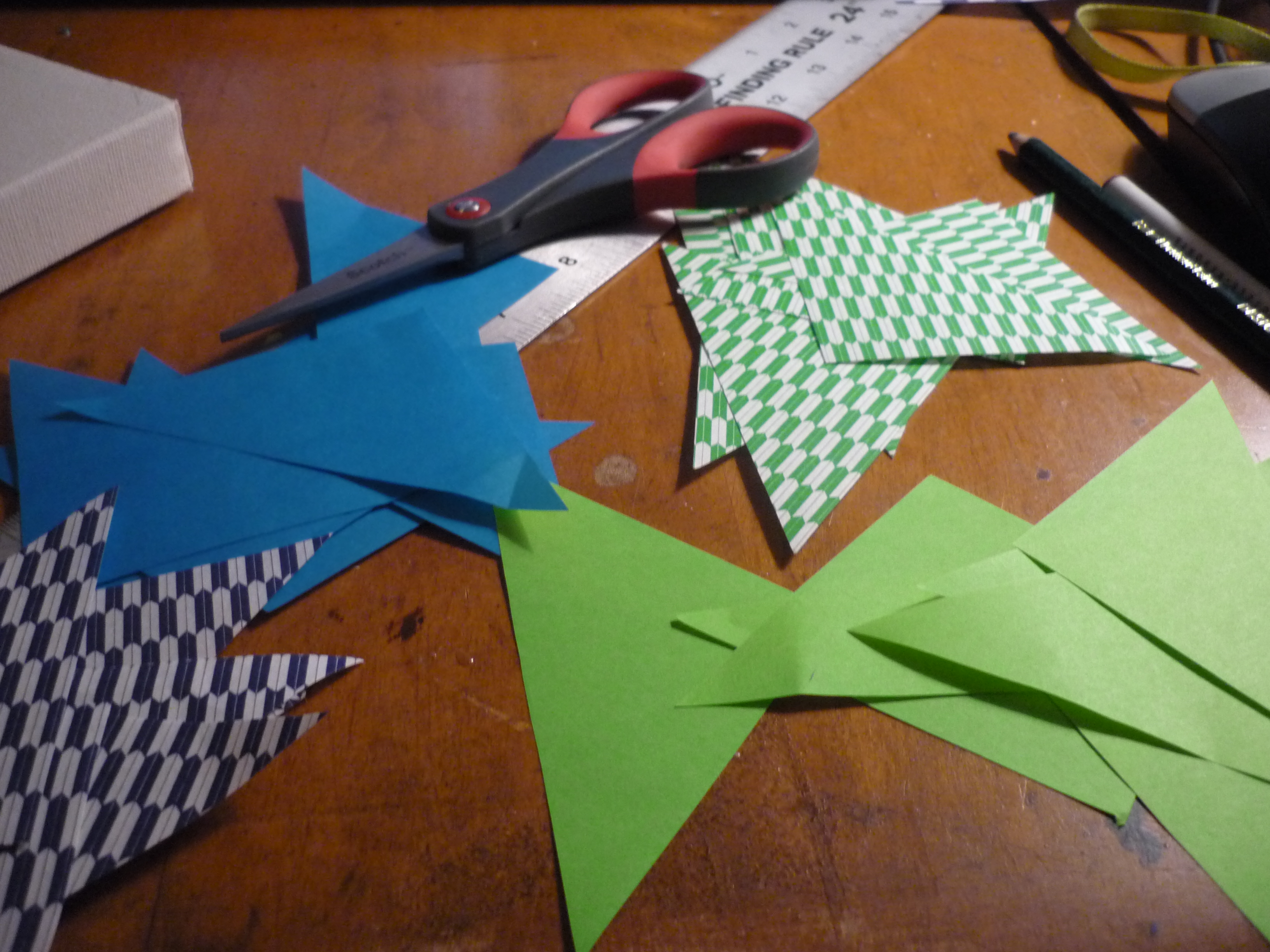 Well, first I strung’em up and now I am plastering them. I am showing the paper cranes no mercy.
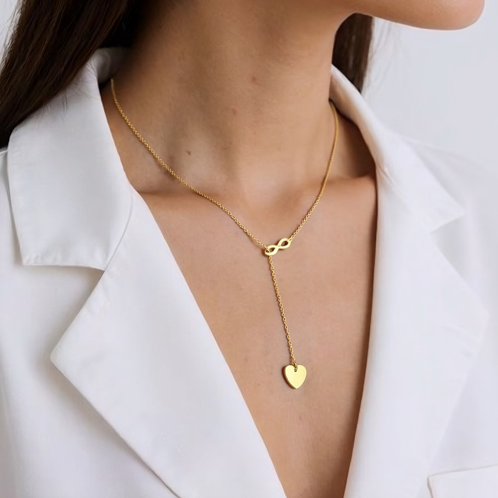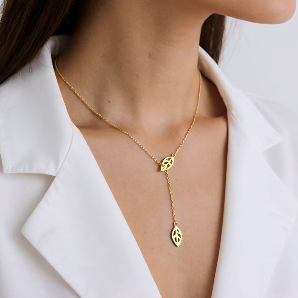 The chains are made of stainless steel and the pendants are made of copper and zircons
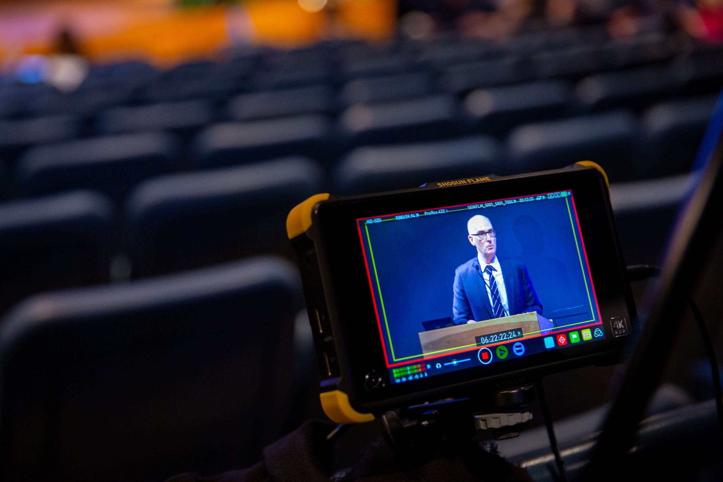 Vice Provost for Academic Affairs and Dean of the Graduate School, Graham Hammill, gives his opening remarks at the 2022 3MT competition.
....................
### Task
Give back the whole listing exactly as it stands. Drop every picture.

### Answer space
 Well, first I strung’em up and now I am plastering them. I am showing the paper cranes no mercy.
 The chains are made of stainless steel and the pendants are made of copper and zircons
 Vice Provost for Academic Affairs and Dean of the Graduate School, Graham Hammill, gives his opening remarks at the 2022 3MT competition.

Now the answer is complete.